Deliver aBL in aliquots of 72 joules per centimeters squared until the total dose of 360 joules per centimeters squared is reached. After each light dose, perform bioluminescence imaging of the mouse burns, as demonstrated earlier in this video. For the untreated control group, perform bioluminescence imaging of the mouse burns using the same time intervals as used for the ABL-treated group.
The A.baumannii bacterial strain was made bioluminescent by the transfection of the luxCDABE opera. This figure shows successive bacterial luminescence images from a representative mouse burn infected with five times 10 to the sixth A.baumannii and exposed to 360 joules per centimeters squared of aBL, 24 hours after bacterial inoculation. As demonstrated in this panel, the bacterial luminescence was almost eradicated after an exposure of 360 joules per centimeters squared of aBL was delivered.
Shown here is a gram stain of the histological section of a representative mouse skin burned specimen harvested at 24 hours post-inoculation, that demonstrates the presence of A.baumannii biofilms on the surface of the infected burn. This plot illustrates the dose response curve of the mean bacterial luminescence from mouse burns infected with five times 10 to the sixth A.baumannii and treated with aBL 24 hours after bacterial inoculation. To achieve a three log base 10 inactivation of A.baumannii in mouse burns, approximately 360 joules per centimeters squared aBL was required.
The bacterial luminescence of the mouse burns unexposed to aBL remained almost unchanged during an equivalent period of time. Once mastered, this technique can be done in one hour if it's performed properly. While attempting this procedure, it's important to get the access to bioluminescence strains of bacteria.

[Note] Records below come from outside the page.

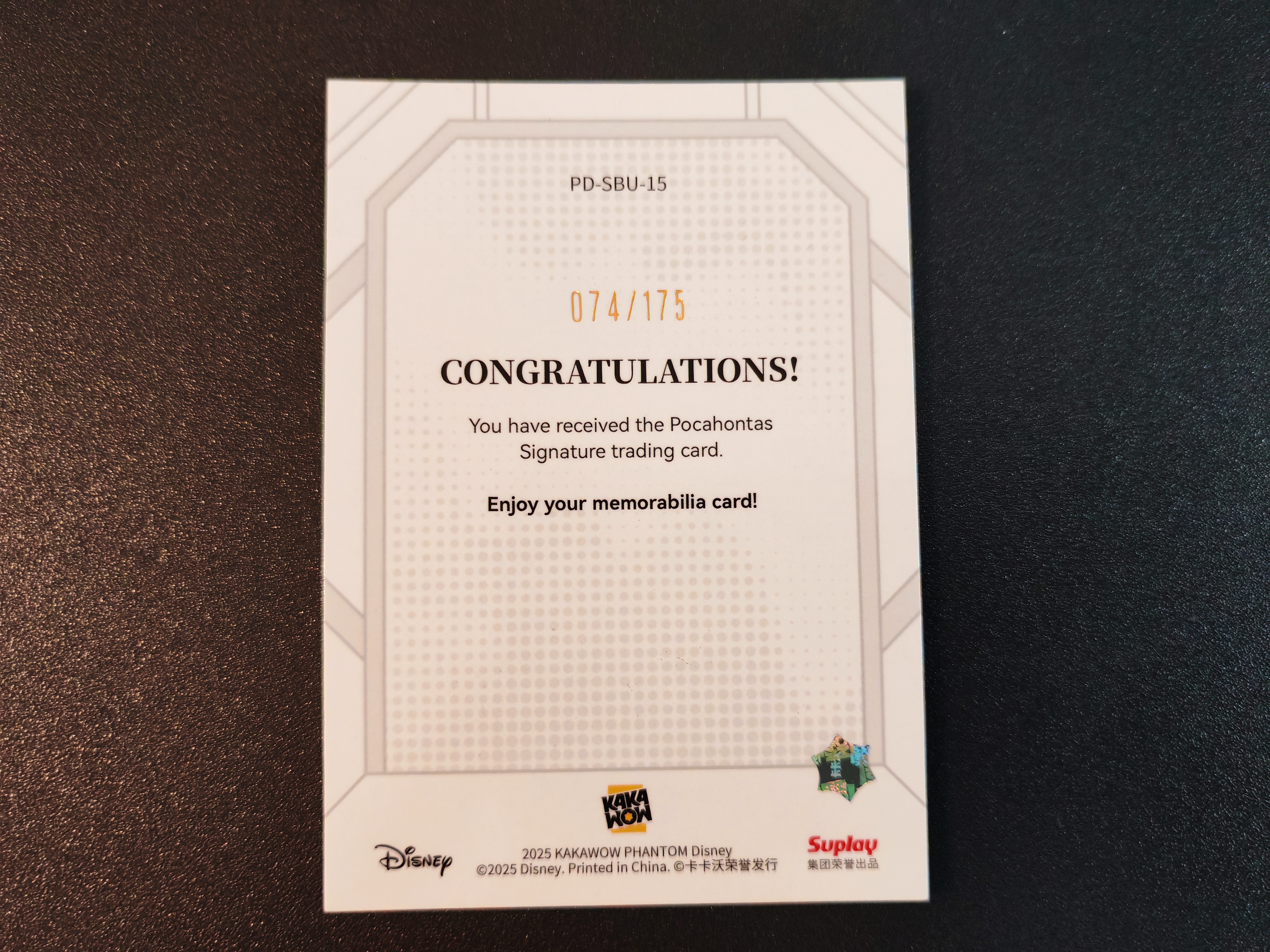 2025 KakawowDisneyPhantom卡卡沃 迪士尼系列收藏卡 宝嘉康蒂公主 蓝折 限/175编 签字 印签 卡品如图所示 默认官瑕!宝
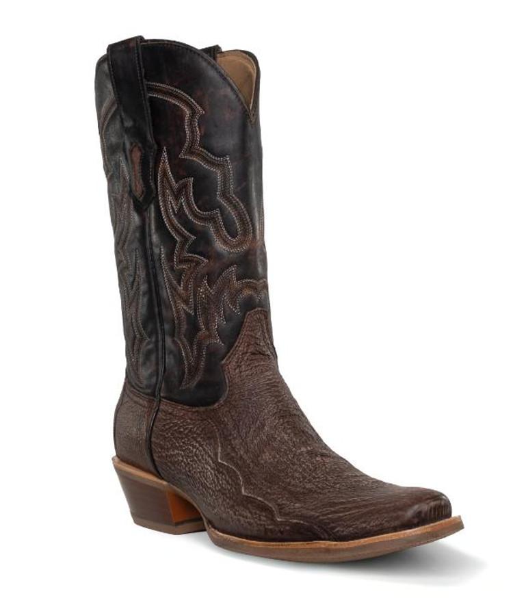 VAMP LEATHER: SHARK / LINING: COWHIDE / GENDER: MEN / TOE TYPE: HORSEMAN TOE / SHAFT HEIGHT: 12 1/2" / LOWER SHAFT WIDTH: 11 3/4" / HEEL TYPE: RIDING HEEL / HEEL MATERIAL: RUBBER / HEEL HEIGHT: 2" / SOLE MATERIAL: RUBBER / CONSTRUCTION: GOODYEAR WELT
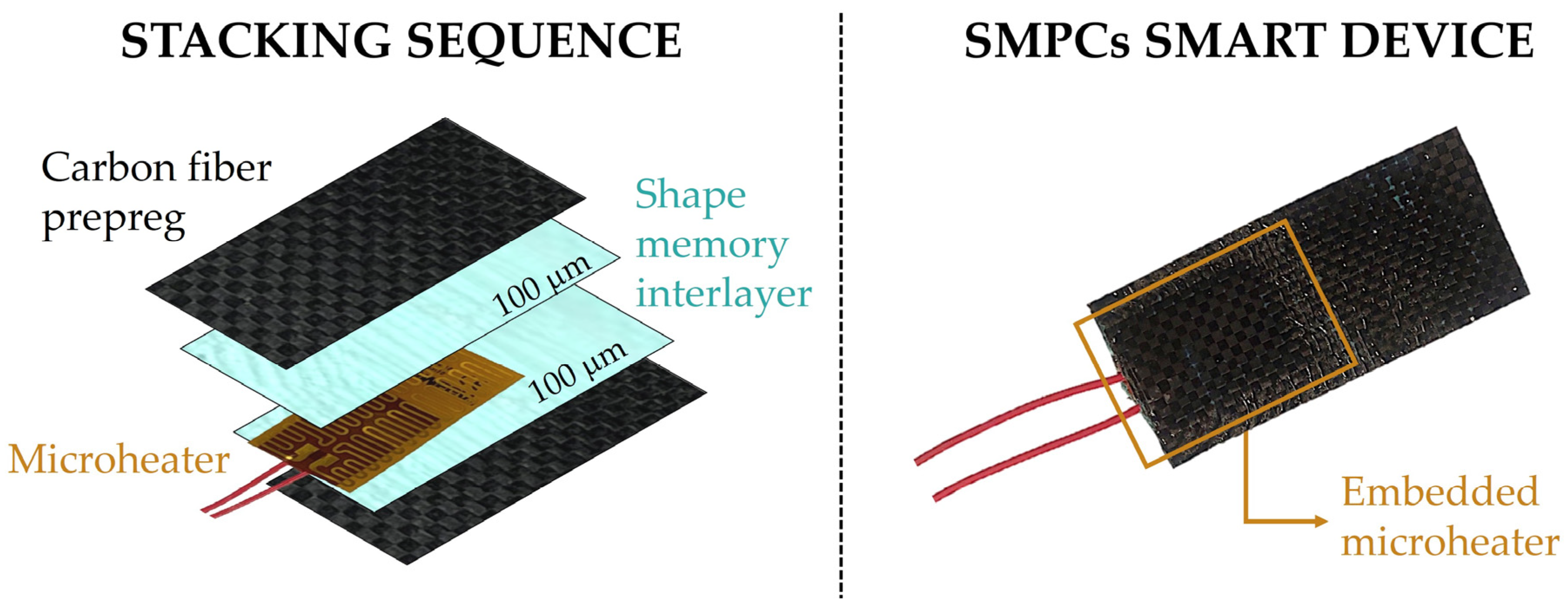 SMPCs [28] with SM interlayers have already been tested in a space environment, showing promising results in terms of actuation load and shape recovery. The foam and the interlayer were made using the same uncured epoxy powder that has also been used in this study. The aim of the present work is to design SMPCs architectures that can potentially be used to manufacture active structures in deploying systems. Consequently, SMPCs have been manufactured by changing either the number of composite plies (from one to eight) or the thickness of the interlayer (100 μm and 200 μm). Memory tests were performed, and the properties of the laminates have been extracted and correlated. In the end, a smart device was prototyped by integrating a local heat source into the laminate structure, and memory-recovery tests were conducted.
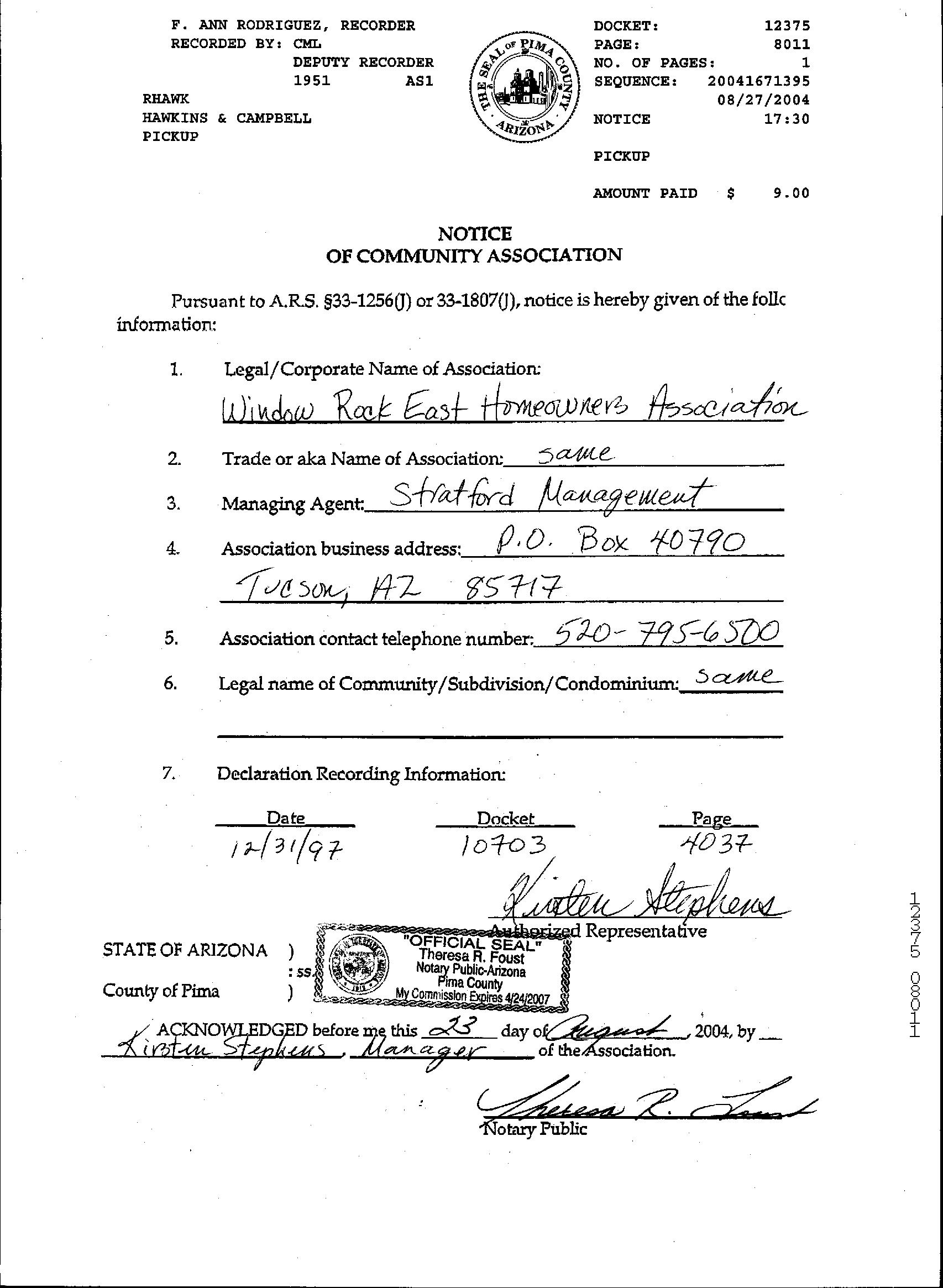 Mailing Address : 6068 E Rough Rock Dr, Tucson AZ 85756-9568 R129

After it's development, this technique paved the way for researchers in the field of light based antimicrobial therapy to explore the use of antimicrobial blue light, without an exogenous photosensitizer, against localized bacterial infections, including those caused by multidrug-resistant strains. After watching this video, you should have a good understanding of how to use antimicrobial blue light to prevent and treat localized infectious diseases. Don't forget, that working with visible light and pathogenic bacteria can be extremely hazardous.
And precautions such as wearing laboratory gloves and light protected goggles should always be taken while performing this procedure.